# Wow, some people have way too much time on their hands



## alvin (May 10, 2006)

Ok, Don't ask me how I came across this, - But apparently, it's true..........









The original is form this site
http://www.ananova.com/news/story/sm_1417224.html

And it's clothing for chickens.


----------



## LondonPigeon (May 10, 2005)

ROFL

but I hope the chicken can move its wings and are not in pain


----------



## Skyeking (Jan 17, 2003)

That is absolutely uneccesary and inhumane for any bird.

It looks like it is well made, but what purpose does it serve???/

It restrains and looks uncomfortable and I would make a coment if it is allowed on the site.

Only indoor birds, who wear appropriate flight suits to keep poop from going everywhere, is the only humane reason for them wearing a suite.


----------



## LondonPigeon (May 10, 2005)

Trees Gray said:


> That is absolutely uneccesary and inhumane for any bird.
> 
> It looks like it is well made, but what purpose does it serve???/
> 
> ...


the chicken does look like it is very constrained, at first I thought it was funny, but then a second later I looked closely and saw its wings were tied back, the poor bird


----------



## kittypaws (Sep 18, 2005)

I noticed that the designer was an Austrian and I was surprised as Austria has one of the best animal protection laws in the world. 

Doesn't surprise me that there is Japanese interest - they like quirky things and all that and some of their animal protection laws stink ( Bear Parks for instance - but that's a another story for another day and another website I guess). 

I think the chicken looks silly - it is quite ridiculous - does it have a vent at the back where it can poop?? 

Tania


----------



## alvin (May 10, 2006)

Whoa there.

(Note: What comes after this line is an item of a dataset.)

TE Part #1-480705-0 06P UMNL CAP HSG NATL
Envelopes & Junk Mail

I seriously doubt that the animal in question is being hurt in anyway.
It's only logical that you would not buy this type of thing for your stock chickens, no more then a breeder would buy a pooper suit for their racing birds.
That means, to me, that it's an item for _pets_. As such I doubt if it casues the animal any undue stress. I just came across it, and thought it made the bird look silly. (Not to mention the owner)


----------



## Skyeking (Jan 17, 2003)

*Hi alvin,

*Whoa there. I seriously doubt that the animal in question is being hurt in anyway.

*Do you seriously think the chicken is comfortable? His wings look restricted and he does NOT look happy.

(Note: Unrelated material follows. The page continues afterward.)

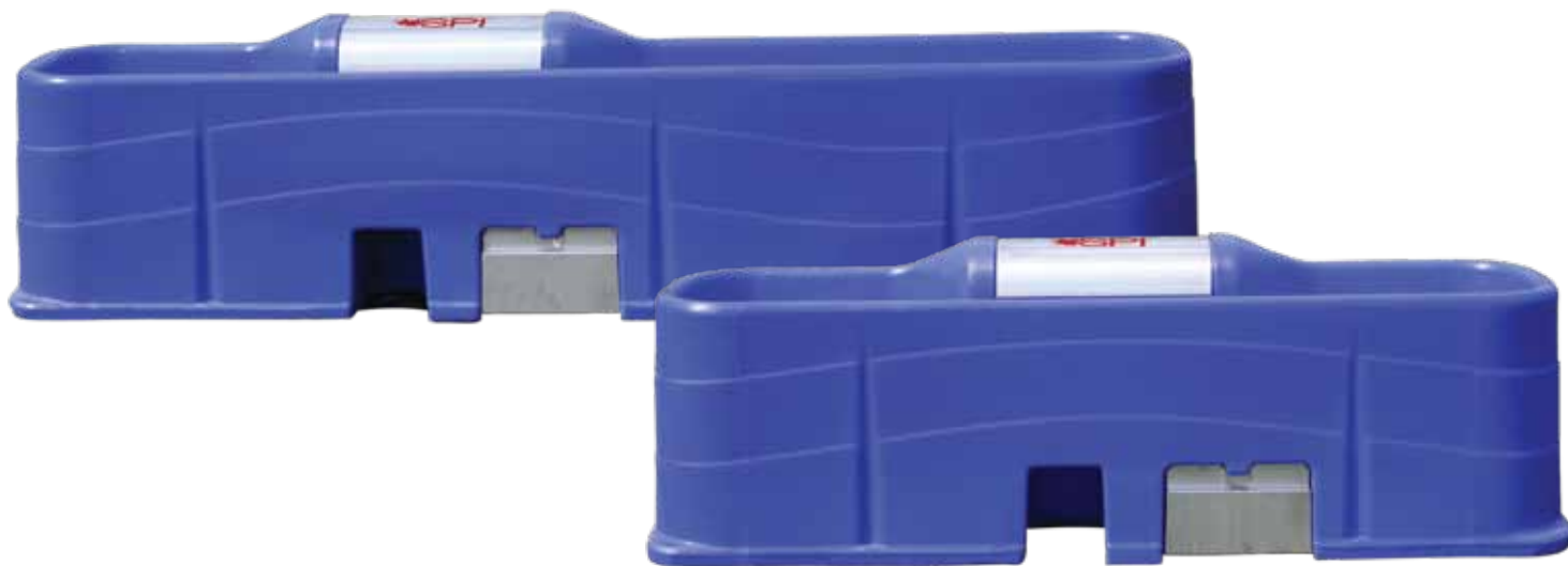
Model No. 10XL

We do have several homing pigeons members who's birds wear the flight suits indoors for obvious reasons, but they don't restrict the birds in any way. The flight suits are specially designed for birds, and they have their interest in mind, this chicken suit looks to be on that bird for mere entertainment of their human owners.*


----------



## feralpigeon (Feb 14, 2005)

Alvin, I don't think folks are upset with you, but the 'suit' that is being promoted at the site  . And I think if you forget about semantics, that you'd agree the suit to be inappropriate for the chicken, and way too restrictive to be in its' best interest. Just a thought....

fp


----------



## stach_n_flash (Mar 15, 2006)

the chicken looks like a road island red  i think the ckicken is better with it off i think it might get hot in their and you might leave your chicken in the suit leave come back and find you have a fried chicken  then what would you do with it 

j/k well i disagree with the suit


----------



## Pidgey (May 20, 2005)

Well that original webpage goes back further to the true original site:

www.chickenssuit.com

And here's that particular chicken in that suit as seen from the side:

http://www.chickenssuit.com/english...ery_group/1/gallery_show/66/cHash/679c96842d/

Chickens' wings are a lot smaller in comparison to pigeons and I don't think they're tied behind or restricted. There seem to be several pictures of the chickens going around hunting for food pretty much as normal. I look at it and agree with the heading of this thread: somebody's got way too much time on their hands.

Pidgey


----------



## Pidgey (May 20, 2005)

Incidentally, I really don't see the point in dressing up chickens like that but I'm not entirely innocent:

http://www.pigeons.biz/forums/showpost.php?p=77175&postcount=71

Pidgey


----------